## Work to be completed
When you reproduce these records, keep every word exactly and drop the images.

## Source material

○ ○ ○ ○

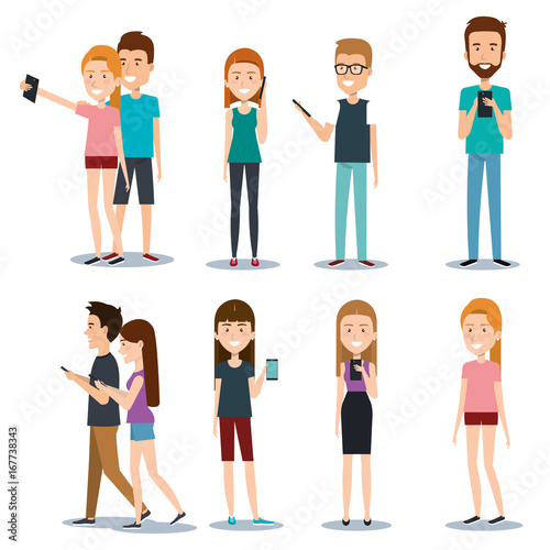 communication, society, young, smartphone, group, people, mobile, vector, illustration, network, technology, modern, cyberspace, social, flat, phone, concept, community, business, web, wireless, message, media, chat, icon, design, online, man, connect, device, cartoon
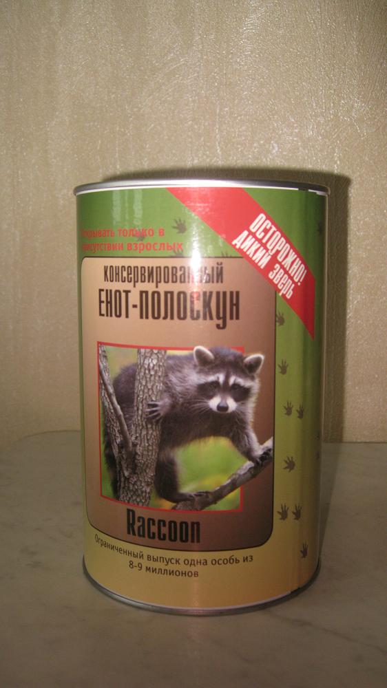 я короче забоела....но очень хочу ...ЕНОТА! по телеку была передача- он ходит на задних лапках, сам моется мылом и кушает ложкой!! в городе продают щенка, 30 тыщ стоит. Кто нибудь его видел? =)) Купили вот енота. Консервированного. Правда при консервации большая часть свойств енота оказывается теряется безвозвратно. Вот что достали |
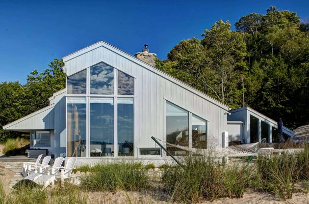 Lake Michigan is a sight that can simply take your breath away and in order to protect it and its immediate environment, the State of Michigan has a law that regulates development on the dune system around the lake. A 1970s era home happened to be located on one of these so called ‘critical dunes’ and its owners saw plenty of potential in the amazing environment around the home, so they decided to give Lakeshore Custom Homes a call and have them turn the old home inside out and give it a total contemporary makeover.
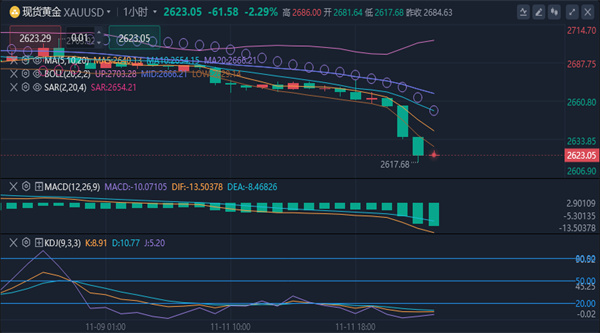 美元,失守2640美元/盎司,为10月中旬以来首次,日内跌幅1.67%。现货黄金日内大跌2.00%,现报2630.75美元/盎司,创10月11日以来低位,日内跌约50美元。
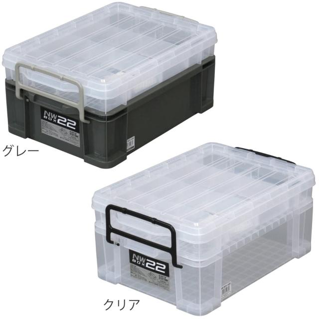 収納ボックス 幅37.9×奥行54.5×高さ24.5cm 2段 NW ( フタ付き プラスチック 収納ケース ボックス 収納 持ち手付き ハンドル 仕切り付き 小物収納 頑丈箱 積み重ね 浅型 深型 工具箱 衣装ケース )
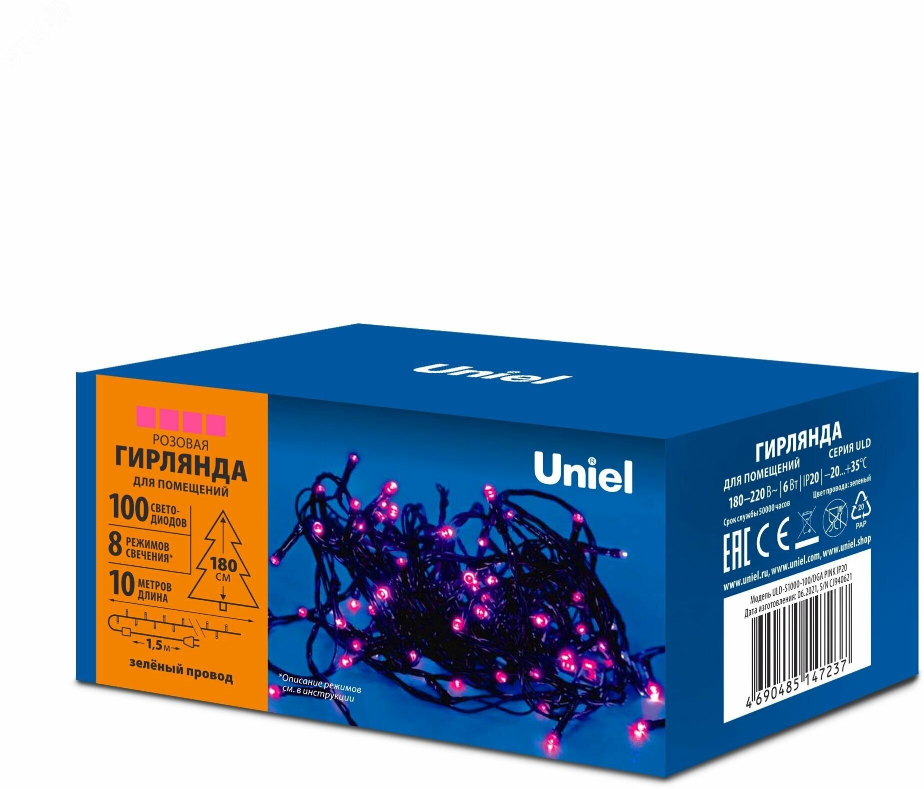 На сегодняшний день товар «Электрогирлянда комнатная Uniel Нить 10м 100 ламп розовый 8 режимов работы» можно купить с кешбеком в 1 магазине: Яндекс.Маркет
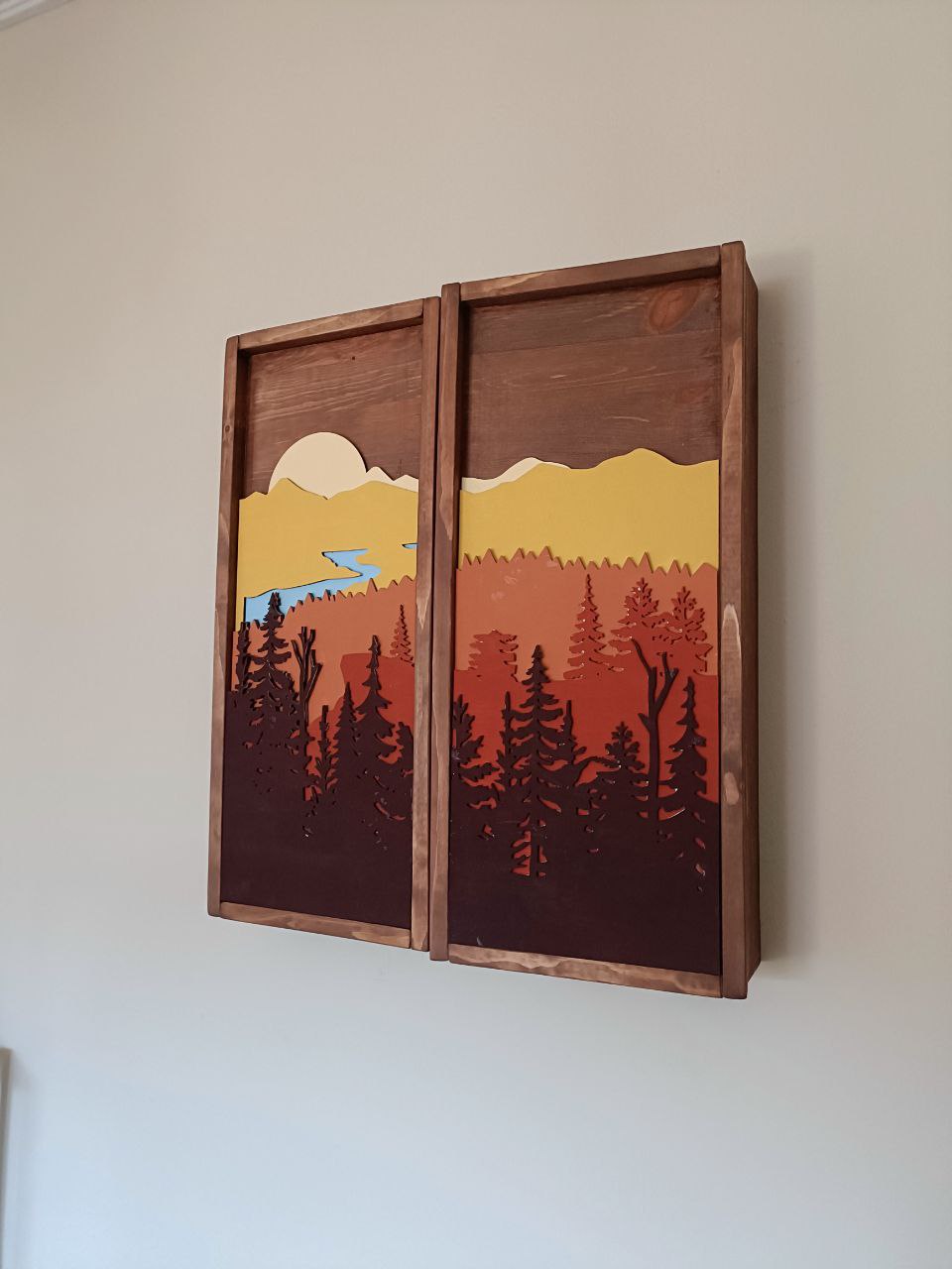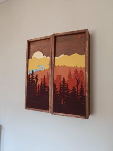 Se decidió realizar una técnica multicapa en la que se superponen varios paneles cortados generando un efecto de profundidad. Es posible realizar este tipo de diseño manualmente, sin embargo, como es algo laborioso, en este caso se decidió por comprar los archivos de diseño en Etsy. Al ser simplemente archivos digitales de fabricación el coste es bastante bajo, y hay mucha variedad de diseños de todos los estilos. En este caso el diseño pertenece a la tienda NTDArts. La tienda envía el archivo DXF correspondiente a cada una de las capas, por lo que el siguiente paso fue adaptar estos archivos a las dimensiones de la cabina. Como la fabricación fue manual, se midió sobre la cabina en físico una vez construida, en lugar de tomar como referencia las del modelo CAD.
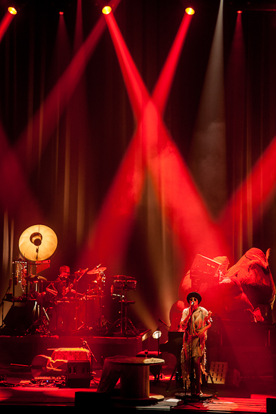 Une voix douce, un charme et un envoûtement légèrement  rétro : l’envoûtement est direct !! Chaque récital de cette jeune crooneuse américaine aux frontière du jazz, du folk et de la bossa est unique. Elle swingue avec désinvolture, nous câline et nous arrache immanquablement d’énormes frissons. Melody Gardot entretient sa grâce coûte que coûte malgré de lourdes séquelles dues à un très grave accident à l’âge de 19 ans. Ses premières compositions verront le jour lors de son rétablissement grace a la musicothérapie … elle commence sont concert  Dans la pénombre  qui nous la fait apercevoir plus que vraiment voir, debout, elle tape du pied en rythme, claque des doigts pour le rythme et chante a capella une sorte de blues gospels, Excessivement élégante, expérimenté jusqu’à l’étourdissement, Melody nous envoûte de ses litanies, avec cette voix de velours poudrée de satin qui est  maintenant légendaire.
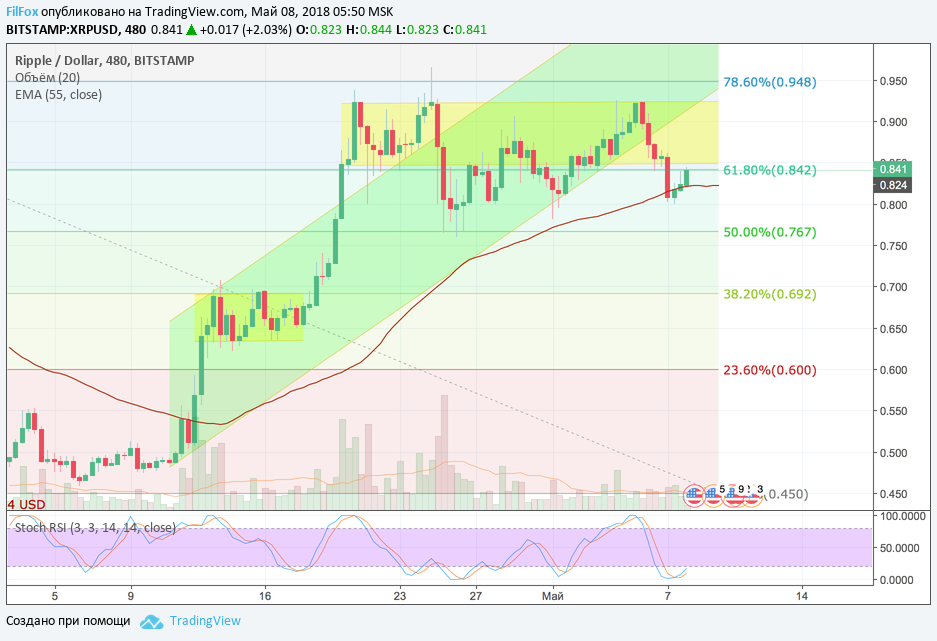 Цена Ripple вчера отправилась тестировать уровень поддержки 50% фибо (0.767 USD), но по пути встретила поддержку в области средних цен (0.800 USD), которая отображается в виде кривой EMA55 на восьмичасовом тайм-фрэйме. В точке минимума, индикатор стохастик дал сигнал на покупки. Полагаем, что рост цены рипл продолжится до уровня желтого коридора, в котором цена долгое время находилась в боковике.

○ ○ ○ ○

## Result for this exercise
 communication, society, young, smartphone, group, people, mobile, vector, illustration, network, technology, modern, cyberspace, social, flat, phone, concept, community, business, web, wireless, message, media, chat, icon, design, online, man, connect, device, cartoon
 я короче забоела....но очень хочу ...ЕНОТА! по телеку была передача- он ходит на задних лапках, сам моется мылом и кушает ложкой!! в городе продают щенка, 30 тыщ стоит. Кто нибудь его видел? =)) Купили вот енота. Консервированного. Правда при консервации большая часть свойств енота оказывается теряется безвозвратно. Вот что достали |
 Lake Michigan is a sight that can simply take your breath away and in order to protect it and its immediate environment, the State of Michigan has a law that regulates development on the dune system around the lake. A 1970s era home happened to be located on one of these so called ‘critical dunes’ and its owners saw plenty of potential in the amazing environment around the home, so they decided to give Lakeshore Custom Homes a call and have them turn the old home inside out and give it a total contemporary makeover.
 美元,失守2640美元/盎司,为10月中旬以来首次,日内跌幅1.67%。现货黄金日内大跌2.00%,现报2630.75美元/盎司,创10月11日以来低位,日内跌约50美元。
 収納ボックス 幅37.9×奥行54.5×高さ24.5cm 2段 NW ( フタ付き プラスチック 収納ケース ボックス 収納 持ち手付き ハンドル 仕切り付き 小物収納 頑丈箱 積み重ね 浅型 深型 工具箱 衣装ケース )
 На сегодняшний день товар «Электрогирлянда комнатная Uniel Нить 10м 100 ламп розовый 8 режимов работы» можно купить с кешбеком в 1 магазине: Яндекс.Маркет
 Se decidió realizar una técnica multicapa en la que se superponen varios paneles cortados generando un efecto de profundidad. Es posible realizar este tipo de diseño manualmente, sin embargo, como es algo laborioso, en este caso se decidió por comprar los archivos de diseño en Etsy. Al ser simplemente archivos digitales de fabricación el coste es bastante bajo, y hay mucha variedad de diseños de todos los estilos. En este caso el diseño pertenece a la tienda NTDArts. La tienda envía el archivo DXF correspondiente a cada una de las capas, por lo que el siguiente paso fue adaptar estos archivos a las dimensiones de la cabina. Como la fabricación fue manual, se midió sobre la cabina en físico una vez construida, en lugar de tomar como referencia las del modelo CAD.
 Une voix douce, un charme et un envoûtement légèrement  rétro : l’envoûtement est direct !! Chaque récital de cette jeune crooneuse américaine aux frontière du jazz, du folk et de la bossa est unique. Elle swingue avec désinvolture, nous câline et nous arrache immanquablement d’énormes frissons. Melody Gardot entretient sa grâce coûte que coûte malgré de lourdes séquelles dues à un très grave accident à l’âge de 19 ans. Ses premières compositions verront le jour lors de son rétablissement grace a la musicothérapie … elle commence sont concert  Dans la pénombre  qui nous la fait apercevoir plus que vraiment voir, debout, elle tape du pied en rythme, claque des doigts pour le rythme et chante a capella une sorte de blues gospels, Excessivement élégante, expérimenté jusqu’à l’étourdissement, Melody nous envoûte de ses litanies, avec cette voix de velours poudrée de satin qui est  maintenant légendaire.
 Цена Ripple вчера отправилась тестировать уровень поддержки 50% фибо (0.767 USD), но по пути встретила поддержку в области средних цен (0.800 USD), которая отображается в виде кривой EMA55 на восьмичасовом тайм-фрэйме. В точке минимума, индикатор стохастик дал сигнал на покупки. Полагаем, что рост цены рипл продолжится до уровня желтого коридора, в котором цена долгое время находилась в боковике.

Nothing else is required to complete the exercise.